El recibir psicoterapia es algo común para muchas personas a lo largo del mundo.  La psicoterapia es el tratamiento que tiene como objetivo el cambio de pensamientos, sentimientos y conductas.

Se lleva a cabo entre un profesional con la formación y las habilidades necesarias para facilitar el cambio psicológico, y el paciente/cliente que requiere la ayuda para aliviar los síntomas que le producen un grado de sufrimiento importante.

La persona que llega a terapia, cualquiera  que  sea  la naturaleza de sus síntomas psicológicos, se encuentra en un estado de desmoralización que puede ser caracterizado por: pérdida de  la autoestima, sentimientos de incompetencia,  desvalimiento y desesperanza. Esa sensación  de  incompetencia subjetiva deja al individuo incapaz para afrontar las demandas del medio ambiente y con frecuencia le lleva a confundir el significado de los síntomas, a exagerar su severidad, a temer volverse loco, etc.
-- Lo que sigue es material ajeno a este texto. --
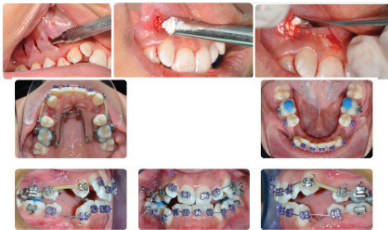
Figure 2 - Minimally invasive corticotomy (piezo-surgery) with bone graft on the buccal side of the right upper arch (from the distal of UR 7 to the mesial of UR3). One week later, cementation of the expanded quad helix and bonding the upper and lower teeth (6-6) with pre-adjusted edgewise-fixed appliances (0.018" × 0.025" slot Roth prescription) was performed. Upper and lower 0.014 NiTi aligning arch wires were placed.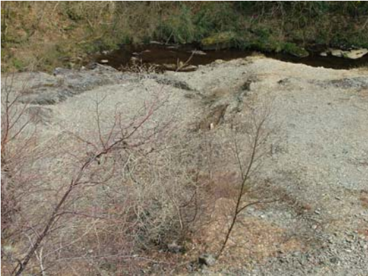
020) Dressing Floor – location of wooden launder (centre of photograph)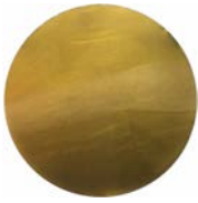
Full Moon , 2019 Pigment, Urethane, 23k Gold, Mica, Resin, Stainless Steel 48 x 48 Inches $34,000

Los síntomas de los que se quejan las personas que solicitan psicoterapia son variados, afectan a la experiencia personal, la relación con los demás o dificultan de forma significativa sus actividades cotidianas. El malestar con frecuencia se manifiesta a través de ansiedad, depresión, estrés, conflictos con la pareja, dificultades en las relaciones sexuales, etc. o dan lugar a ciertos comportamientos que interfieren la vida de una persona en distintas áreas, como por ejemplo las adicciones (alcohol, drogas, etc.) los referidos a la alimentación (anorexia nerviosa, bulimia, etc.). Resumiendo, las circunstancias que llevan a una persona a solicitar ayuda profesional son diversas y complejas.

La psicoterapia propicia cambios congruentes con los objetivos que desea alcanzar el cliente. Proporciona orden al caos facilitando la comprensión de ideas y acciones que habían sido confusas. Conduce a cierto alivio al capacitar a la persona para afrontar ansiedades y tensiones que habían sido evitadas. Conduce a nuevas oportunidades para aprender modos diferentes de pensar, sentir y actuar. En definitiva, provoca que la sensación de malestar progresivamente vaya dejando paso a la de dominio y control personal.

El cómo se consiga depende del problema que plantee el paciente, de las metas que quiera conseguir y en gran medida del modelo teórico seguido por el terapeuta, puesto que cada perspectiva en psicoterapia se caracteriza por un conjunto de conceptos y principios que explican cómo ocurre el cambio. La naturaleza, ritmo y objetivos de las intervenciones quedan en parte definidos por la orientación teórica del terapeuta.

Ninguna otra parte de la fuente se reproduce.